Comment 2 Cole Robinson 2017-02-05 20:34:54 UTC
I can't reproduce with latest rawhide and:

# locale
LANG=en_US.utf8
LC_CTYPE="en_US.utf8"
LC_NUMERIC="en_US.utf8"
LC_TIME="en_US.utf8"
LC_COLLATE="en_US.utf8"
LC_MONETARY="en_US.utf8"
LC_MESSAGES="en_US.utf8"
LC_PAPER="en_US.utf8"
LC_NAME="en_US.utf8"
LC_ADDRESS="en_US.utf8"
LC_TELEPHONE="en_US.utf8"
LC_MEASUREMENT="en_US.utf8"
LC_IDENTIFICATION="en_US.utf8"
LC_ALL=


Not really sure what could be causing it, I expect something busted elsewhere in the stack. Maybe virt-install --debug will give a hint

Comment 3 Richard W.M. Jones 2017-02-05 21:24:48 UTC
It's very strange - I *can* reproduce it even with
virt-install 1.4.0-5.fc26

I'll attach the --debug output ...

Comment 4 Richard W.M. Jones 2017-02-05 21:25:22 UTC
Created attachment 1247862 [details]
--debug output

Comment 5 Cole Robinson 2017-02-09 21:54:30 UTC
The culprit seems to be:

[Sun, 05 Feb 2017 21:23:26 virt-install 32649] DEBUG (virt-install:183) Distilled --disk options: ['path=undercloud.qcow2,size=6']
Entity: line 2: parser error : Input is not proper UTF-8, indicate encoding !
Bytes: 0xD4 0x3C 0x2F 0x6E
  <name>Ô</name>
        ^
[Sun, 05 Feb 2017 21:23:26 virt-install 32649] DEBUG (xmlbuilder:669) Error parsing xml=
<volume type='file'>
  <name>Ô</name>
  <key>/tmp/Ô</key>
  <source>
  </source>
  <capacity unit='bytes'>0</capacity>
  <allocation unit='bytes'>0</allocation>
  <target>
    <path>/tmp/Ô</path>
    <format type='raw'/>
    <permissions>
      <mode>0664</mode>
      <owner>1000</owner>
      <group>1000</group>
      <label>unconfined_u:object_r:user_tmp_t:s0</label>
    </permissions>
    <timestamps>
      <atime>1486329730.221568703</atime>
      <mtime>1484586393.429055281</mtime>
      <ctime>1484586393.429055281</ctime>
    </timestamps>
  </target>
</volume>


Libvirt is generating non-UTF-8 XML. It should be skipping that file.
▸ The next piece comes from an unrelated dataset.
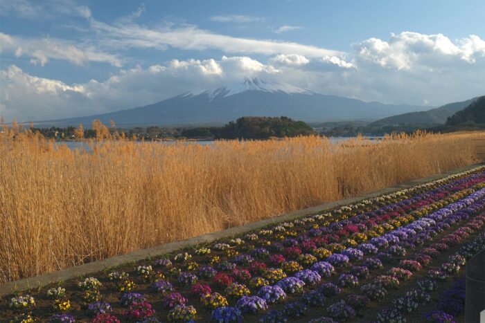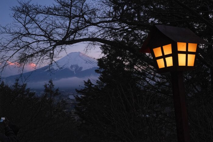 Oishi Park, on Lake Kawaguchi was a favorite for the foreground scenery. The light was low, catching all the colors nicely… but the mountain was shy and while we have a whole hour to wait, impatiently for it to show itself, it mostly refused. The lake was beautiful, and the souvenir shop was amazing, including ice cream in flavors like cherry blossom & matcha, Shine Muscat & Kyuhou grape. Mostly it had tons options for us to buy “Fujisan shaped things,” as the guide called them.

Does that file have weird control characters in it that aren't reflected in the log?

Comment 6 Richard W.M. Jones 2017-02-09 21:59:02 UTC
Oh you're right, I've got a file in /tmp which has a non-UTF-8 name
(I think I was testing something for another bug).

cd /tmp
ls ?
''$'\324'

Anyway as you say libvirt is generating incorrect XML.

A reproducer is:

touch ''$'\324'
and in the same directory run a virt-install command.